All lines from the one containing "Portofel din piele, realizat" through the final line of the listing below, and no others, must be returned exactly; no pictures belong in the copy.

RAW DATA:

--------------------------------------------------

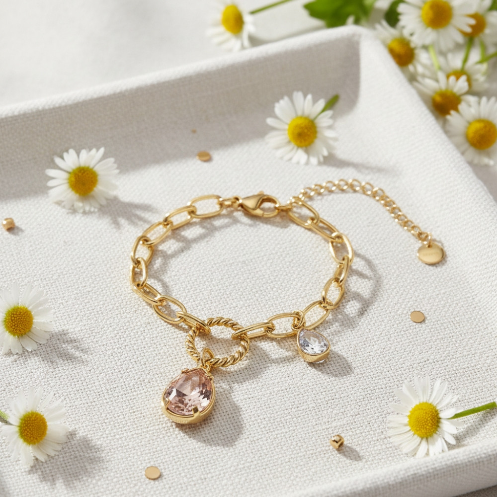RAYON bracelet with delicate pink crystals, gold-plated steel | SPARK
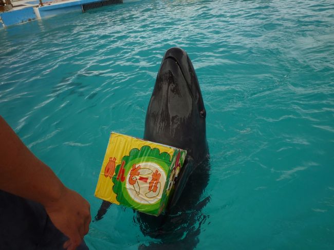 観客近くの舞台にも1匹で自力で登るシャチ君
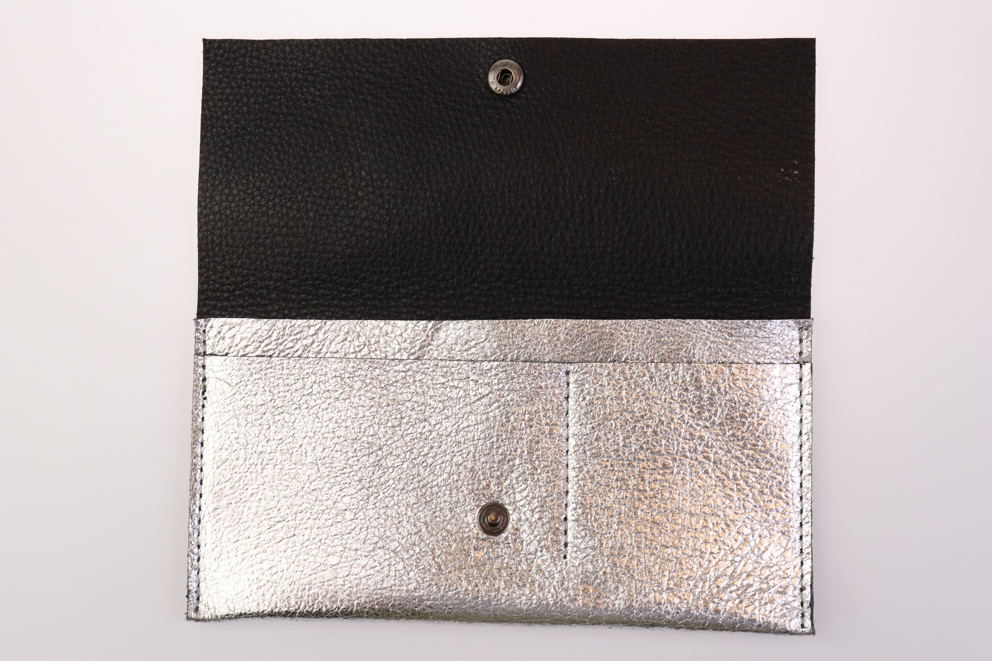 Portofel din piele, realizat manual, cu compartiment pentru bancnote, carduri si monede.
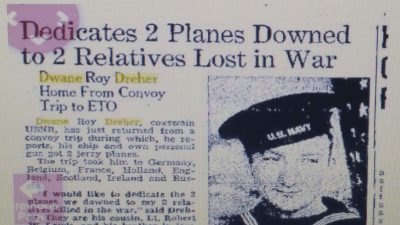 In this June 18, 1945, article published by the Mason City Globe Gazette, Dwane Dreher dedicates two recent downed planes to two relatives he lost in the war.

--------------------------------------------------

RESULT OF THIS EXERCISE:
 Portofel din piele, realizat manual, cu compartiment pentru bancnote, carduri si monede.
 In this June 18, 1945, article published by the Mason City Globe Gazette, Dwane Dreher dedicates two recent downed planes to two relatives he lost in the war.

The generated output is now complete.